INSTRUCTIONS TO FOLLOW
Pictures are to be omitted, and every entry below is to be restated exactly.

Items from a data source
═══
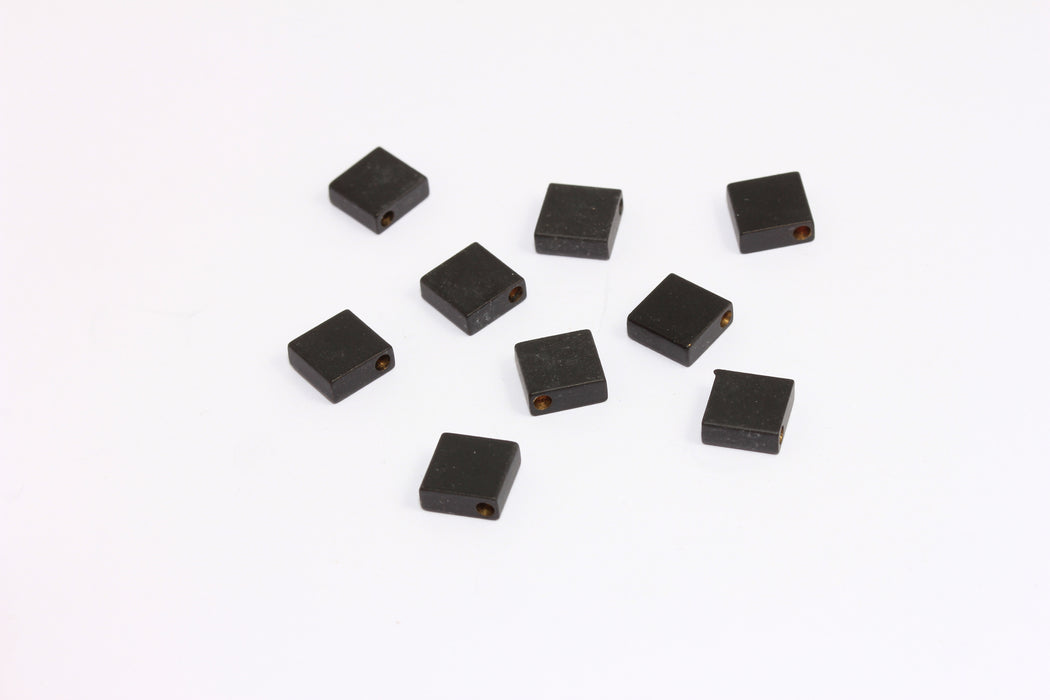 8x8mm Black Plated Square Charms, Black Geometric Sliding Beads, MTE1485
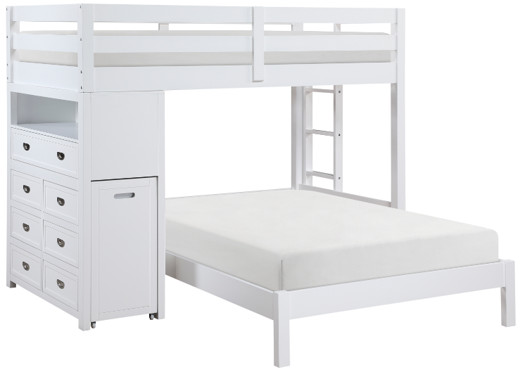 Maximize your child's bedroom space with this multifunctional white loft bunk bed, designed for both style and practicality. Crafted from wood with a sleek white finish, this bunk bed features a top twin bunk with guard rails for safety and a full-size lower bed.Read More
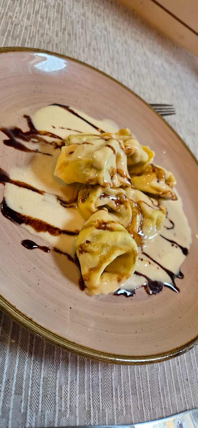 - Tortelloni ricotta e spinaci con crema di parmigiano accompagnato con aceto batsamico dop 12 anni
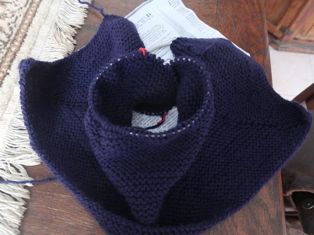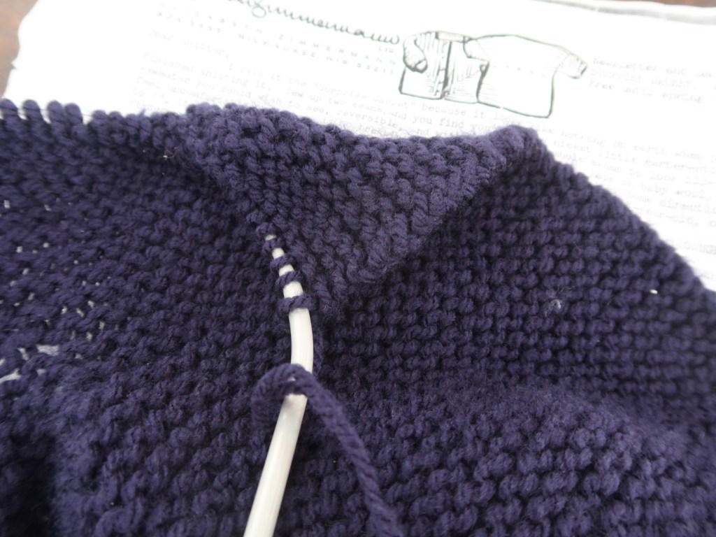 I know… it looks shapeless and weird, but that’s exactly how it’s supposed to look.After you finish it, it’s supposed to fold a certain way and hey presto! A little sweater. That’s why it’s called a Baby Surprise Jacket, after all.
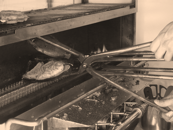 「桃太郎焼」が何個ずつ焼いていたのかは不明ですが、この焼き方はたい焼きで言うところの「養殖もの」、つまり連型で焼く方法と同じです。年代を考えると一丁焼きがたい焼きの元祖の方法というのもやや怪しくなってきました。ただ、たい焼きとして広まったのは一丁焼きが先だということになります。
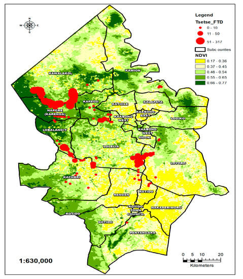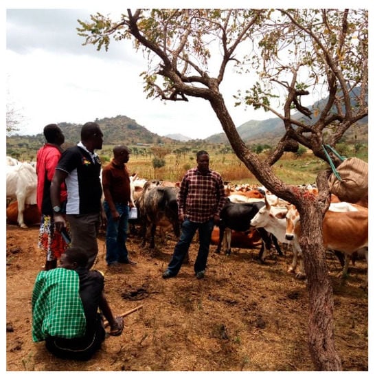 Fly trap density (FTD), a measure of tsetse prevalence, was obtained by dividing the total tsetse catch per trap by the number collected over the three trap days (72 h). To determine mean differences in the FTDs, a least significant difference (LSD) procedure using Duncan’s multiple range test for mean comparisons was used. Prior to running an LSD, analysis of variance (ANOVA) was performed to determine whether there were significant differences in FTDs among the sites. FGD data were thematically analysed. Emerging themes were grouped into thematic clusters to provide a logical result. The thematic analysis of participatory assessments was used because of its ability to provide critical insights among local pastoral communities [45,46]. Furthermore, the cross-sectional survey data were descriptively analysed, generating frequencies and means to describe the effects of tsetse at the household level.
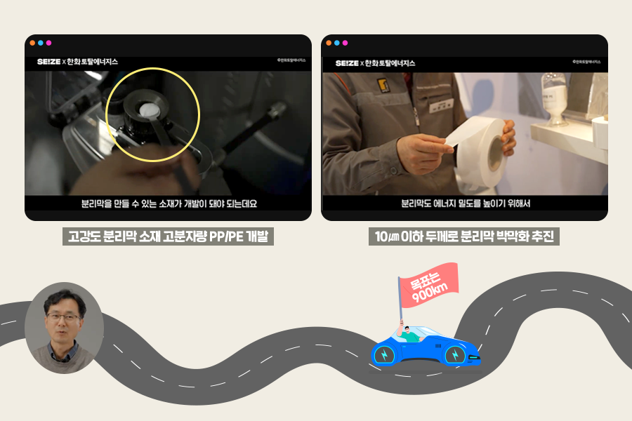 한재혁 팀장은 분리막 소재 개발에 힘써 더 멀리 가는 전기차 배터리를 꿈꾸고 있는데요. 최종 목표는 한 번 완충으로 900km까지 가는 전기차라고 합니다. 서울에서 부산을 왕복할 수 있는 거리죠. 에너지 효율을 높이기 위해 분리막 박막화, 고강도 소재 개발 등을 진행중입니다.
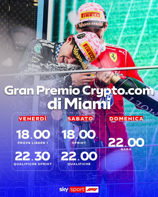F1 A MIAMI – La F1 riparte dal continente americano per il quarto appuntamento della stagione. Il Circus sbarca negli Stati Uniti per il GP di Miami, il secondo weekend dell’anno con il format della Sprint. Si parte giovedì alle 19.30 con la conferenza stampa piloti. Venerdì la prima e unica sessione di prove libere inizia alle 18 (e durerà 90 minuti, anziché i soliti 60, per dare più tempo ai team per testare le modifiche regolamentari approvate dalla FIA durante la pausa forzata causa conflitto in Medio Oriente), mentre alle 22.30 è già tempo di caccia alla pole per definire l’ordine di partenza della Sprint, che scatta sabato alle 18. Le qualifiche della gara sono in programma sempre sabato alle 22, mentre domenica sempre alle 22 il via della gara. Nel weekend statunitense in pista anche la F2.
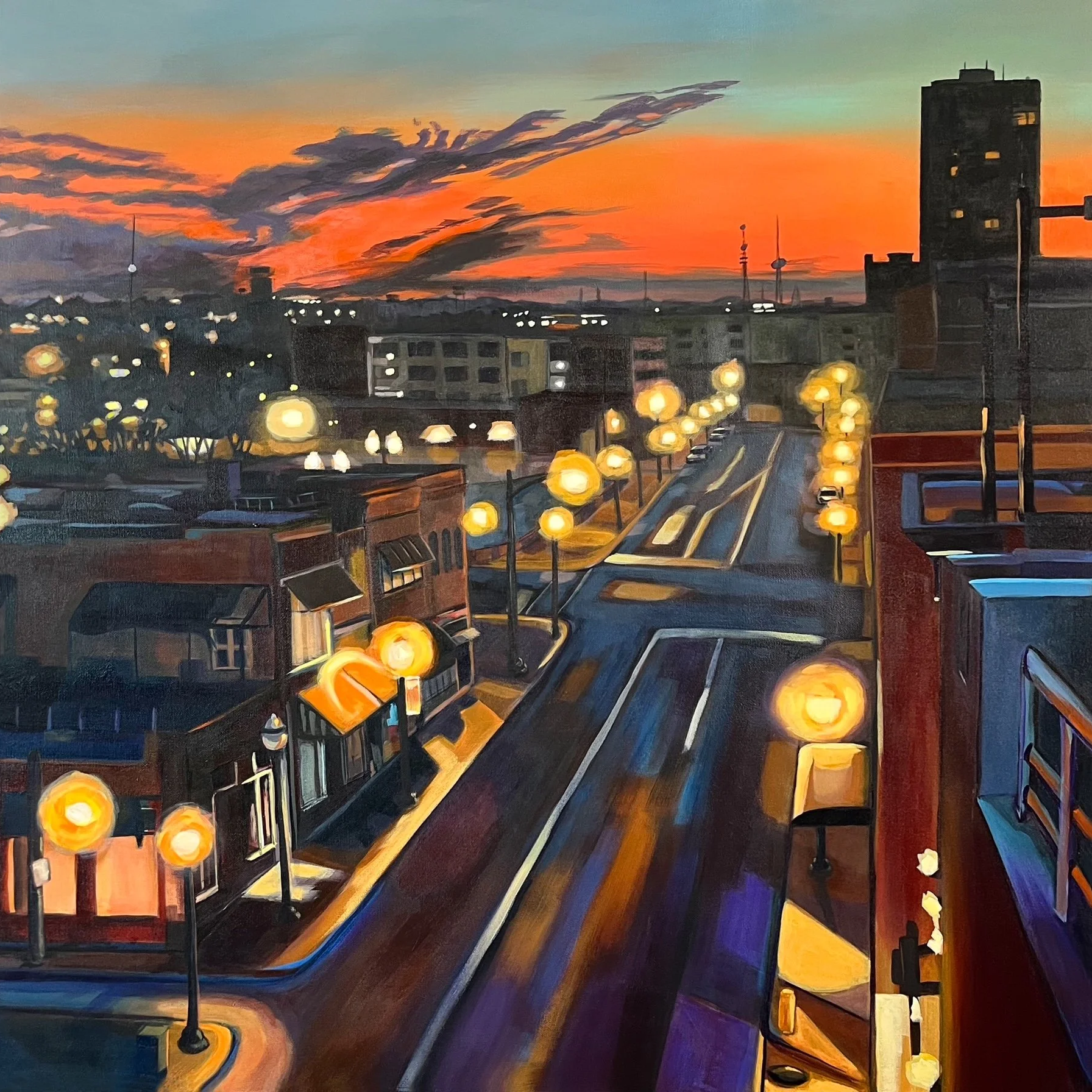Good Morning Springfield captures the quiet energy of the city just as the day begins. Streetlights still glow against the early morning sky, while the warm sunrise spreads across the horizon, illuminating the familiar rhythm of downtown streets.
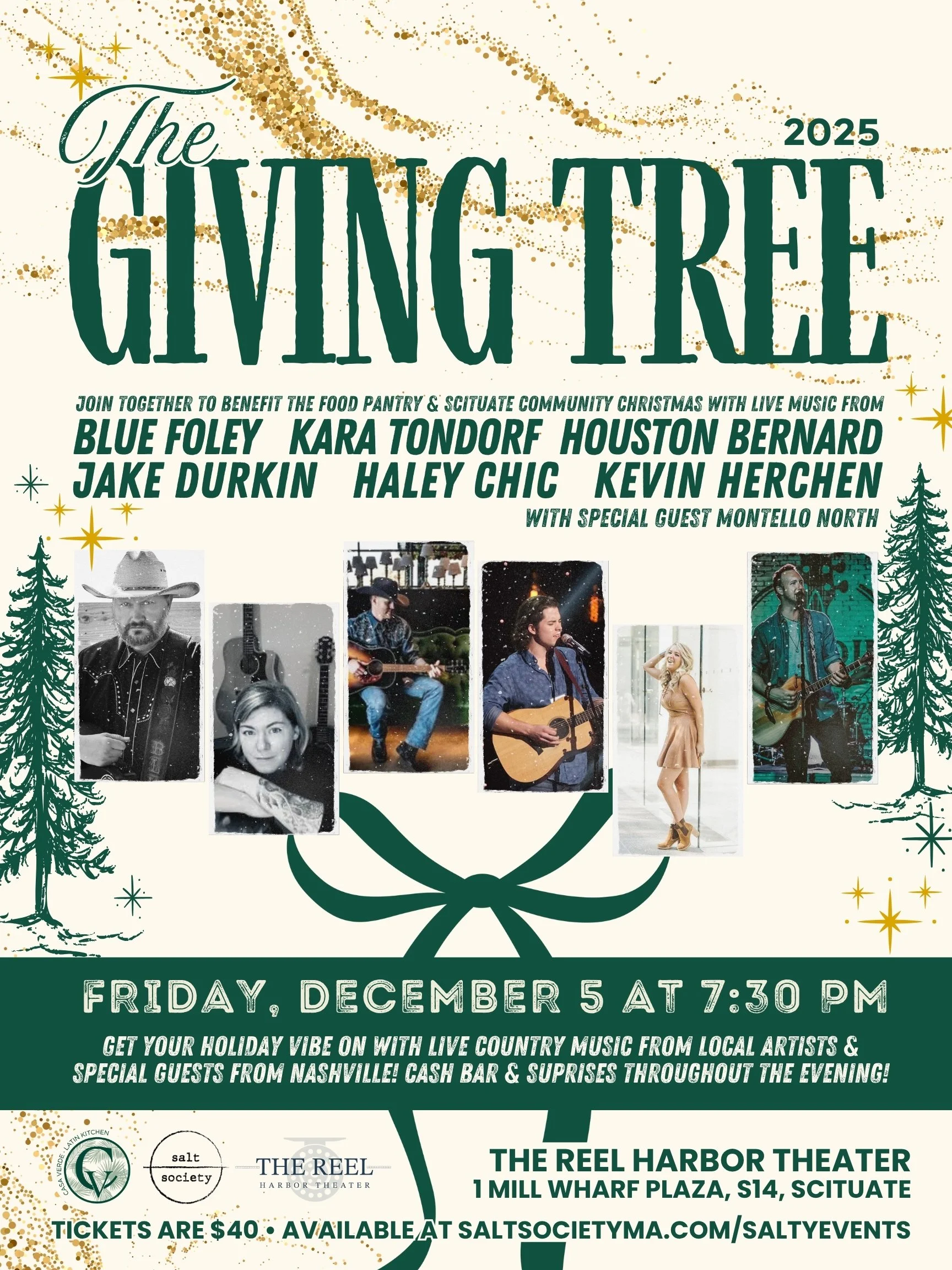 Are you asking yourself what you can do to help others for the Holidays this season? Let us do all the work! This year the Scituate Food Pantry and Scituate Community Christmas need more help than ever. All you have to do is show up and enjoy a wonderful evening full of community, love, joy, giving and exceptional holiday and original music with special local guests, and special Nashville guests! The evening will be held at the Reel in Scituate Harbor on Friday December 5th at 7:30 PM. Cash bar available. If you bring Target or Amazon gift cards in increments of $10 you will receive 2 raffle tickets per $10 gift card for an opportunity to win some amazing prizes!
═══
WRITTEN ANSWER
 8x8mm Black Plated Square Charms, Black Geometric Sliding Beads, MTE1485
 Maximize your child's bedroom space with this multifunctional white loft bunk bed, designed for both style and practicality. Crafted from wood with a sleek white finish, this bunk bed features a top twin bunk with guard rails for safety and a full-size lower bed.Read More
 - Tortelloni ricotta e spinaci con crema di parmigiano accompagnato con aceto batsamico dop 12 anni
 I know… it looks shapeless and weird, but that’s exactly how it’s supposed to look.After you finish it, it’s supposed to fold a certain way and hey presto! A little sweater. That’s why it’s called a Baby Surprise Jacket, after all.
 「桃太郎焼」が何個ずつ焼いていたのかは不明ですが、この焼き方はたい焼きで言うところの「養殖もの」、つまり連型で焼く方法と同じです。年代を考えると一丁焼きがたい焼きの元祖の方法というのもやや怪しくなってきました。ただ、たい焼きとして広まったのは一丁焼きが先だということになります。
 Fly trap density (FTD), a measure of tsetse prevalence, was obtained by dividing the total tsetse catch per trap by the number collected over the three trap days (72 h). To determine mean differences in the FTDs, a least significant difference (LSD) procedure using Duncan’s multiple range test for mean comparisons was used. Prior to running an LSD, analysis of variance (ANOVA) was performed to determine whether there were significant differences in FTDs among the sites. FGD data were thematically analysed. Emerging themes were grouped into thematic clusters to provide a logical result. The thematic analysis of participatory assessments was used because of its ability to provide critical insights among local pastoral communities [45,46]. Furthermore, the cross-sectional survey data were descriptively analysed, generating frequencies and means to describe the effects of tsetse at the household level.
 한재혁 팀장은 분리막 소재 개발에 힘써 더 멀리 가는 전기차 배터리를 꿈꾸고 있는데요. 최종 목표는 한 번 완충으로 900km까지 가는 전기차라고 합니다. 서울에서 부산을 왕복할 수 있는 거리죠. 에너지 효율을 높이기 위해 분리막 박막화, 고강도 소재 개발 등을 진행중입니다.
F1 A MIAMI – La F1 riparte dal continente americano per il quarto appuntamento della stagione. Il Circus sbarca negli Stati Uniti per il GP di Miami, il secondo weekend dell’anno con il format della Sprint. Si parte giovedì alle 19.30 con la conferenza stampa piloti. Venerdì la prima e unica sessione di prove libere inizia alle 18 (e durerà 90 minuti, anziché i soliti 60, per dare più tempo ai team per testare le modifiche regolamentari approvate dalla FIA durante la pausa forzata causa conflitto in Medio Oriente), mentre alle 22.30 è già tempo di caccia alla pole per definire l’ordine di partenza della Sprint, che scatta sabato alle 18. Le qualifiche della gara sono in programma sempre sabato alle 22, mentre domenica sempre alle 22 il via della gara. Nel weekend statunitense in pista anche la F2.
Good Morning Springfield captures the quiet energy of the city just as the day begins. Streetlights still glow against the early morning sky, while the warm sunrise spreads across the horizon, illuminating the familiar rhythm of downtown streets.
 Are you asking yourself what you can do to help others for the Holidays this season? Let us do all the work! This year the Scituate Food Pantry and Scituate Community Christmas need more help than ever. All you have to do is show up and enjoy a wonderful evening full of community, love, joy, giving and exceptional holiday and original music with special local guests, and special Nashville guests! The evening will be held at the Reel in Scituate Harbor on Friday December 5th at 7:30 PM. Cash bar available. If you bring Target or Amazon gift cards in increments of $10 you will receive 2 raffle tickets per $10 gift card for an opportunity to win some amazing prizes!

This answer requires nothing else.